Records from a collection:

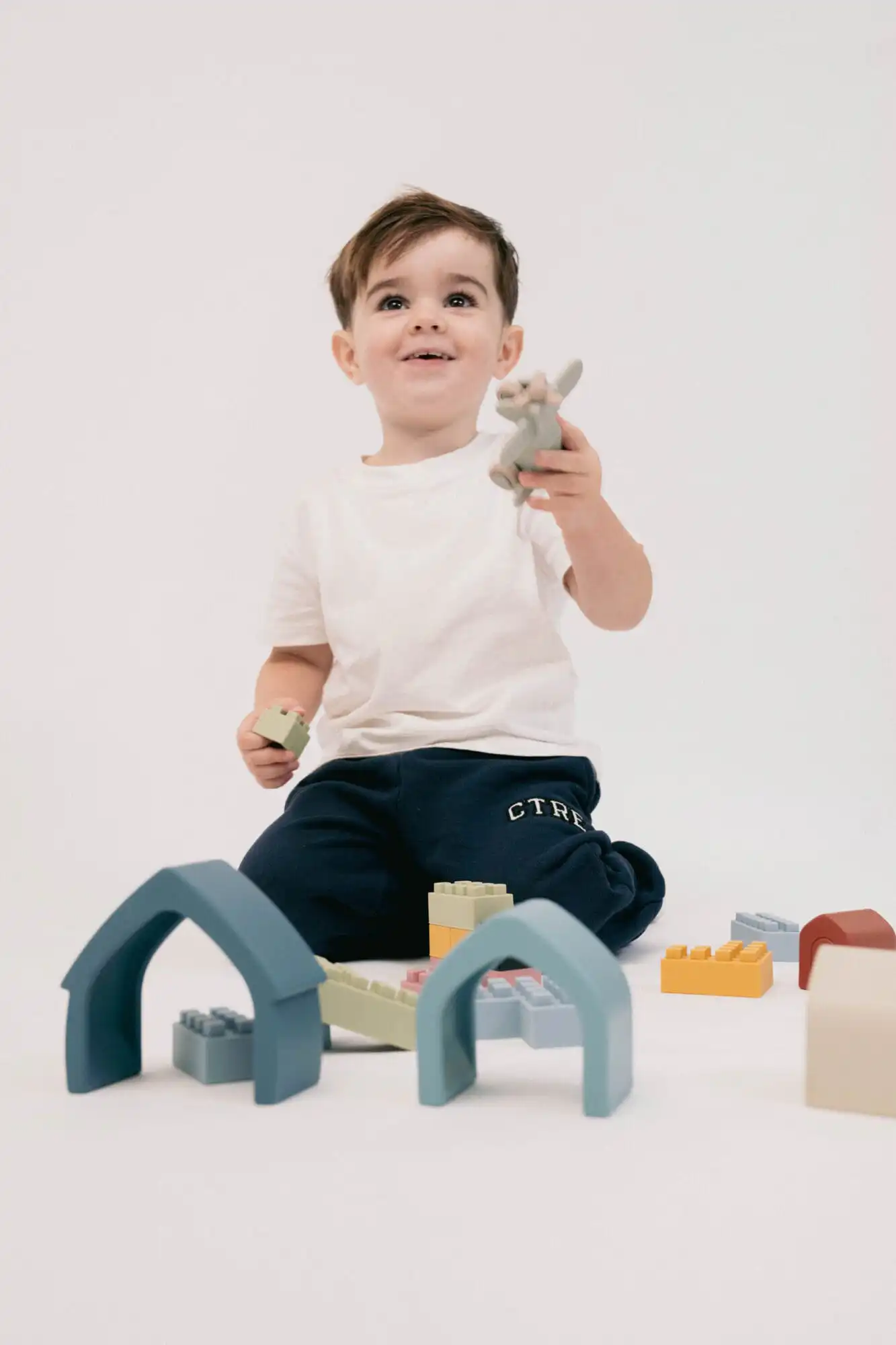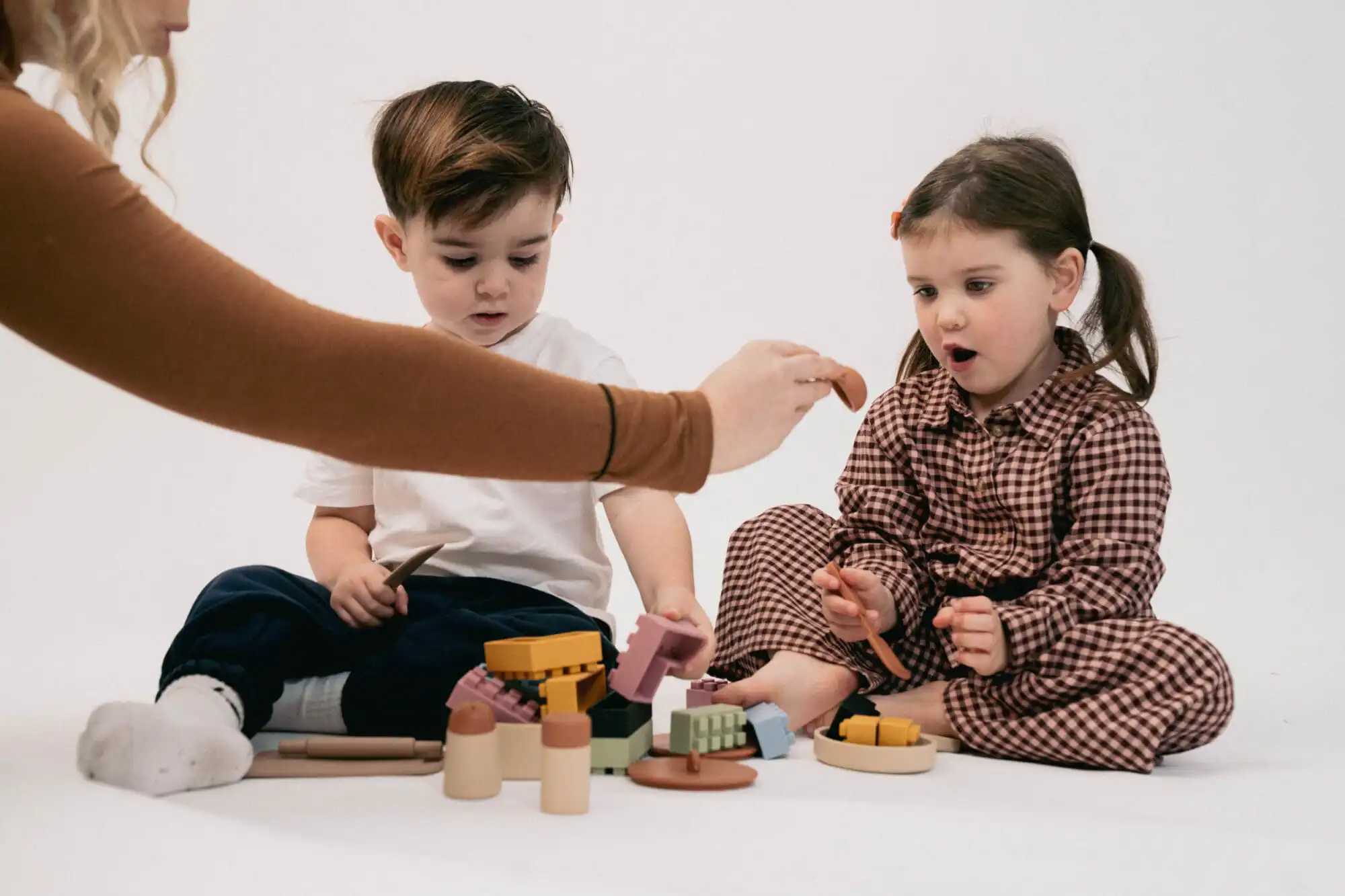 For us, that now looks like choosing toys that invite the children in, where I can join for a moment and then gently step back. Open-ended toys give them the freedom to make up their own ideas, and that actually makes things easier for us too. I love toys that move with us from room to room: a tower of blocks growing beside me while I cook lunch, or a full vet appointment for the soft toys happening at my feet as I fold the washing. They stay close, they play, they learn — and I get to breathe.
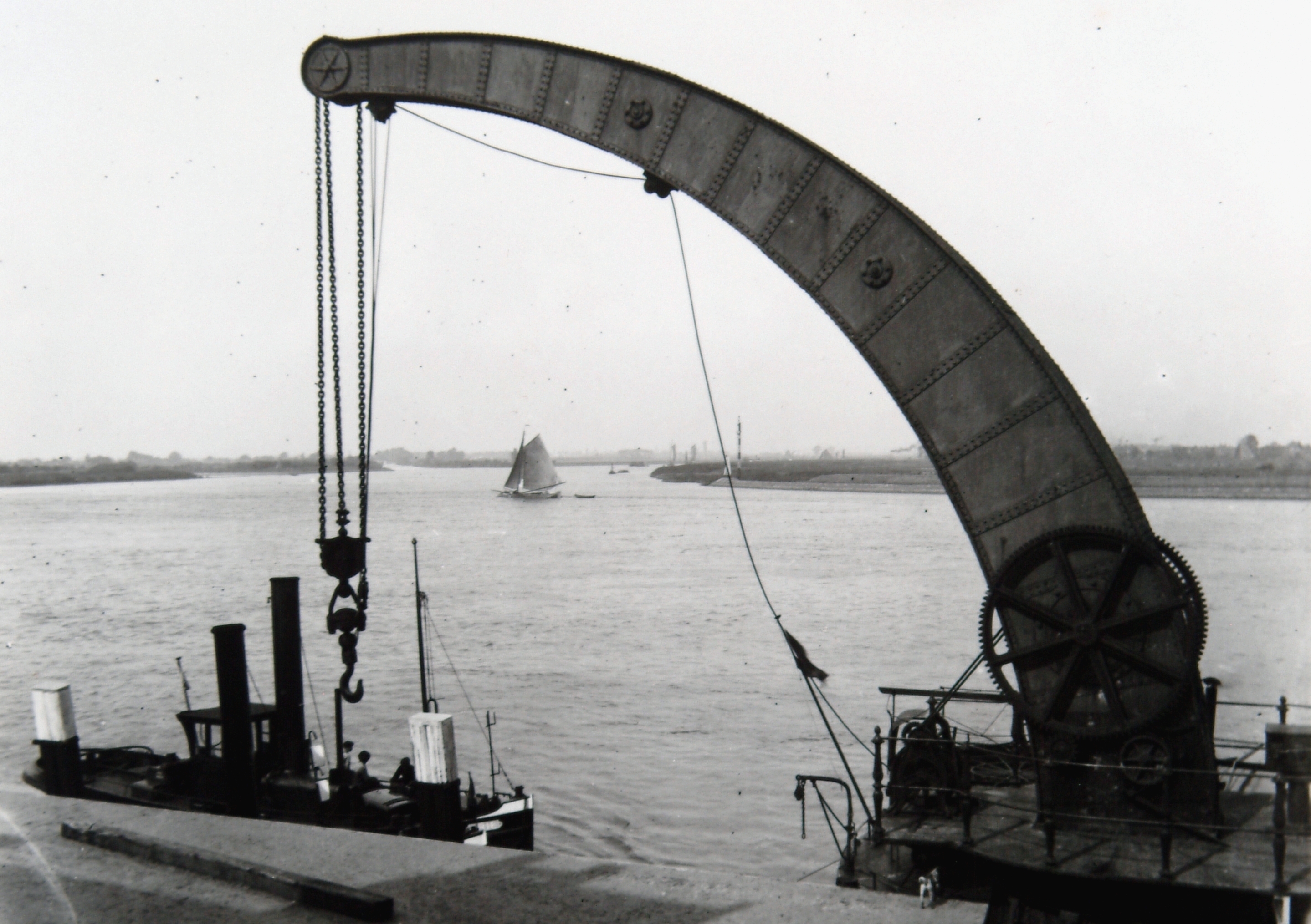 - dagbladen / kranten hijskranen riviergezichten sleepboten zeilvaartuigen
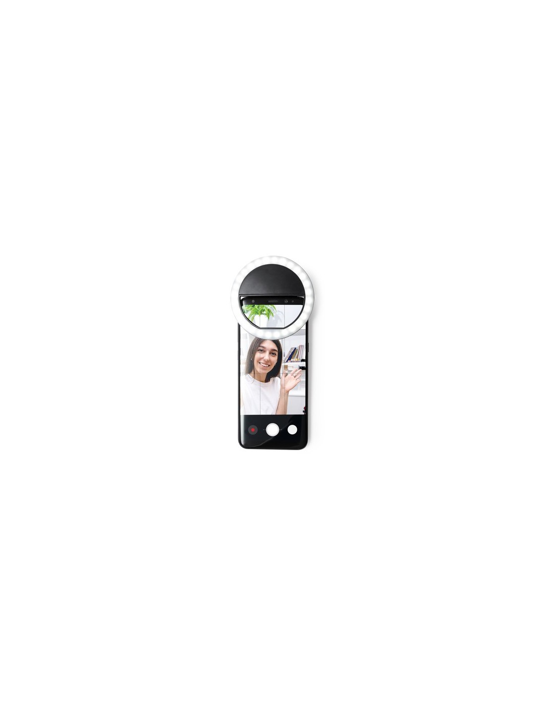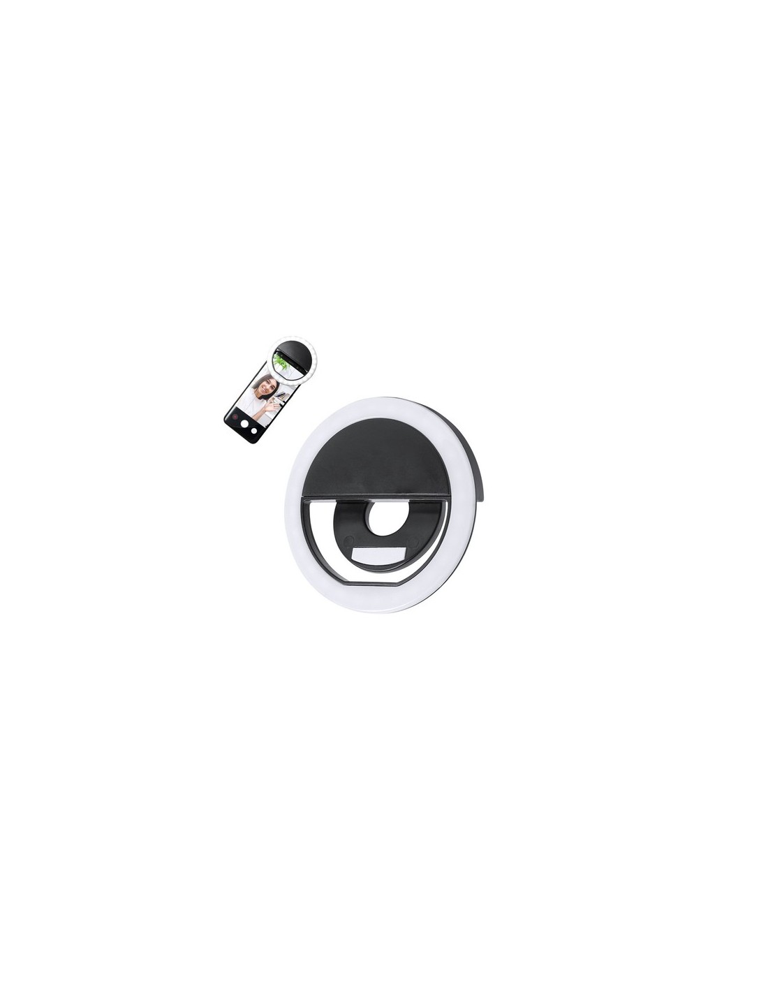 Anillo de luz led con acople para smartphone, fabricado en resistente ABS. 28 ledes, con 3 niveles de intensidad y recargable por USB (cable Micro USB incluido). Presentado en atractiva caja de diseño. Disponible manual en español e inglés. 28 Ledes. 3 Posiciones de Luz. Batería 80 mAh
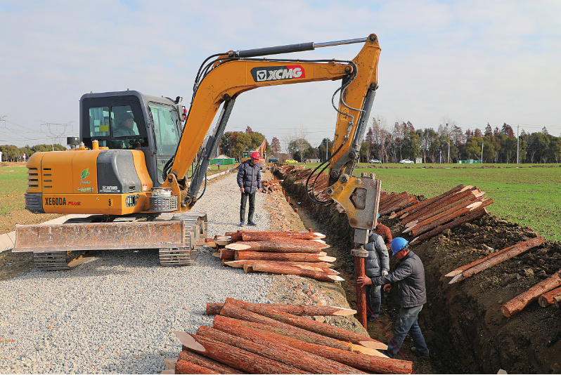连日来,位于新庄街道的整区域推进高标准农田建设项目现场,建设热潮涌动。该项目建设总面积3900亩,涉及曹家、核心、茭渎、新庄、洪巷等5个村(社区),计划新建田间道路7.16公里、沟渠22.935公里、泵站1座等。项目建成后,将为农业增产、农民增收夯实好“耕”基。图为近日拍摄的建设现场。
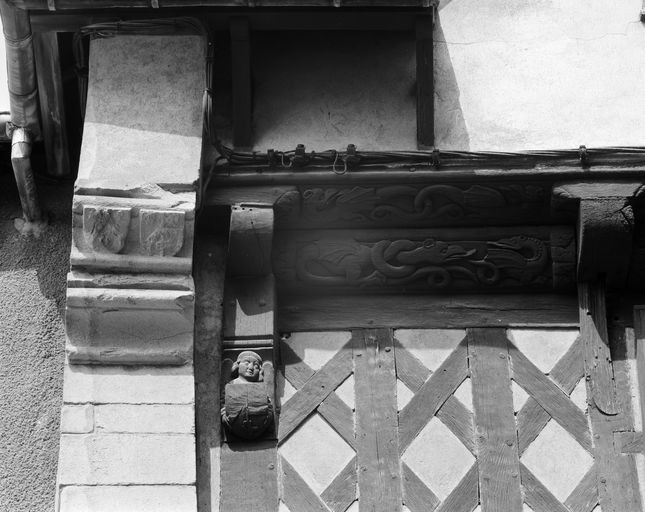 Maison, 1er étage, sablière supérieure et poteau gauche, décor : monstres, écus et ange portant un écu (état en 1992)Immatriculation

▸ YOUR OBJECTIVE: In the records above, find the line that contains "连日来,位于新庄街道的整区域". Print it and every later line exactly, omitting the pictures.

▸ EXERCISE SOLUTION:
连日来,位于新庄街道的整区域推进高标准农田建设项目现场,建设热潮涌动。该项目建设总面积3900亩,涉及曹家、核心、茭渎、新庄、洪巷等5个村(社区),计划新建田间道路7.16公里、沟渠22.935公里、泵站1座等。项目建成后,将为农业增产、农民增收夯实好“耕”基。图为近日拍摄的建设现场。
 Maison, 1er étage, sablière supérieure et poteau gauche, décor : monstres, écus et ange portant un écu (état en 1992)Immatriculation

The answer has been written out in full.